Be it enacted by the General Assembly of the State of Indiana:
SOURCE: IC 12-15-1-21; (11)IN1221.1.1. -->
SECTION 1. IC 12-15-1-21 IS ADDED TO THE INDIANA CODE
AS A NEW SECTION TO READ AS FOLLOWS [EFFECTIVE JULY
1, 2011]: Sec. 21. To the extent allowed by federal law, the office
may use federal or state funds under the Medicaid program to pay
premiums and other expenses related to a life insurance policy that
is owned by an applicant or a recipient who has:
(1) made an irrevocable election to name the state as the
beneficiary of the life insurance policy; or
(2) assigned the life insurance policy to the state.
SOURCE: IC 12-15-2-17; (11)IN1221.1.2. -->
SECTION 2. IC 12-15-2-17 IS AMENDED TO READ AS
FOLLOWS [EFFECTIVE JULY 1, 2011]: Sec. 17. (a) Except as
provided in subsections (b) and (d), if an applicant for or a recipient of
Medicaid:
(1) establishes one (1) irrevocable trust that has a value of not
more than ten thousand dollars ($10,000), exclusive of interest,
and is established for the sole purpose of providing money for the
burial of the applicant or recipient;
(2) enters into an irrevocable prepaid funeral agreement having a
value of not more than ten thousand dollars ($10,000); or
(3) owns a life insurance policy with a face value of not more than
ten thousand dollars ($10,000) and with respect to which
provision is made to pay not more than ten thousand dollars
($10,000) toward the applicant's or recipient's funeral expenses;
the value of the trust, prepaid funeral agreement, or life insurance
policy may not be considered as a resource in determining the
applicant's or recipient's eligibility for Medicaid.

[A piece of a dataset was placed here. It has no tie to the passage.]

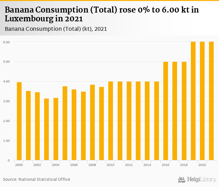 Total banana consumption rose 0% to 6.00 kt in Luxembourg in 2021, according to Faostat.

(b) Subject to subsection (d), if an applicant for or a recipient of
Medicaid establishes an irrevocable trust or escrow under IC 30-2-13,
the entire value of the trust or escrow may not be considered as a
resource in determining the applicant's or recipient's eligibility for
Medicaid.
(c) Except as provided in IC 12-15-3-7, if an applicant for or a
recipient of Medicaid owns resources described in subsection (a) and
the total value of those resources is more than ten thousand dollars
($10,000), the value of those resources that is more than ten thousand
dollars ($10,000) may be considered as a resource in determining the
applicant's or recipient's eligibility for Medicaid.

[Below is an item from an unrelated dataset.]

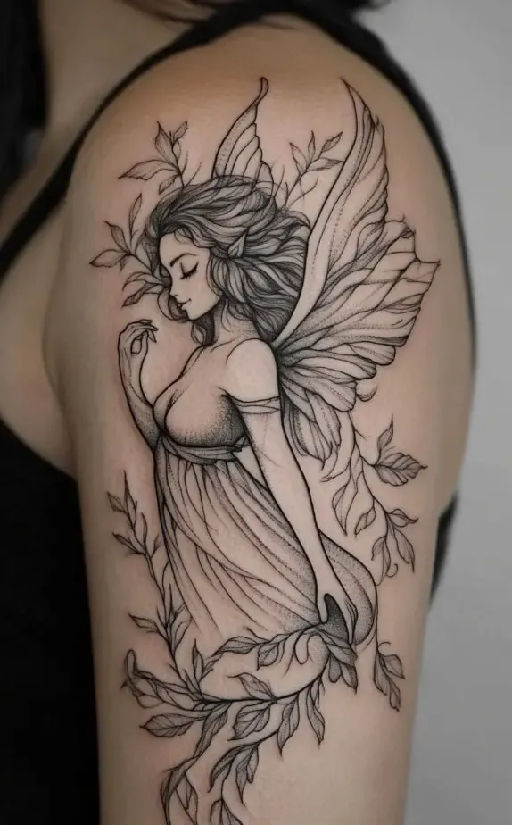 Fallen angels, often portrayed with dark, somber tones and tattered wings, are an evocative design that represents loss, inner turmoil, or the struggle between good and evil. For those who connect with the concept of redemption or resilience, a fallen angel tattoo can symbolize the journey through difficult times and the strength to rise again. This design is typically done in black and gray shading, lending a dramatic and introspective look to the tattoo.

(d) In order for a trust, an escrow, a life insurance policy, or a
prepaid funeral agreement to be exempt as a resource in determining
an applicant's or a recipient's eligibility for Medicaid under this section,
the applicant or recipient must designate the office or the applicant's or
recipient's estate to receive any remaining amounts after delivery of all
services and merchandise under the contract as reimbursement for
Medicaid assistance provided to the applicant or recipient after
fifty-five (55) years of age. The office may receive funds under this
subsection only to the extent permitted by 42 U.S.C. 1396p. The
computation of remaining amounts shall be made as of the date of
delivery of services and merchandise under the contract and must be
the excess, if any, derived from:
(1) growth in principal;
(2) accumulation and reinvestment of dividends;
(3) accumulation and reinvestment of interest; and
(4) accumulation and reinvestment of distributions;
on the applicant's or recipient's trust, escrow, life insurance policy, or
prepaid funeral agreement over and above the seller's current retail
price of all services, merchandise, and cash advance items set forth in
the applicant's or recipient's contract.
SOURCE: IC 12-15-3-1; (11)IN1221.1.3. -->
SECTION 3. IC 12-15-3-1, AS AMENDED BY P.L.246-2005,
SECTION 104, IS AMENDED TO READ AS FOLLOWS
[EFFECTIVE JULY 1, 2011]: Sec. 1. (a) Except as provided in
subsections (b) and (c) and section 7 of this chapter, an applicant for
or recipient of Medicaid is ineligible for assistance if the total cash
value of money, stock, bonds, and life insurance owned by:
(1) the applicant or recipient is more than one thousand five
hundred dollars ($1,500) for assistance to the aged, blind, or
disabled; or
(2) the applicant or recipient and the applicant's or recipient's
spouse is more than two thousand two hundred fifty dollars
($2,250) for medical assistance to the aged, blind, or disabled.
(b) In the case of an applicant who is an eligible individual, a
Holocaust victim's settlement payment received by the applicant or the
applicant's spouse may not be considered when calculating the total
cash value of money, stock, bonds, and life insurance owned by the
applicant or the applicant's spouse.
(c) In the case of an individual who:
(1) resides in a nursing facility or another medical institution; and
(2) has a spouse who does not reside in a nursing facility or
another medical institution;
the total cash value of money, stock, bonds, and life insurance that may
be owned by the couple to be eligible for the program is determined
under IC 12-15-2-24.
SOURCE: IC 12-15-3-2; (11)IN1221.1.4. -->
SECTION 4. IC 12-15-3-2 IS AMENDED TO READ AS
FOLLOWS [EFFECTIVE JULY 1, 2011]: Sec. 2. (a) Except as
provided in section 7 of this chapter, if the parent of an applicant for
or a recipient of assistance to the blind or disabled who is less than
eighteen (18) years of age owns money, stock, bonds, and life
insurance whose total cash value is more than one thousand five
hundred dollars ($1,500), the amount of the excess shall be added to
the total cash value of money, stock, bonds, and life insurance owned
by the applicant or recipient to determine the recipient's eligibility for
Medicaid under section 1 of this chapter.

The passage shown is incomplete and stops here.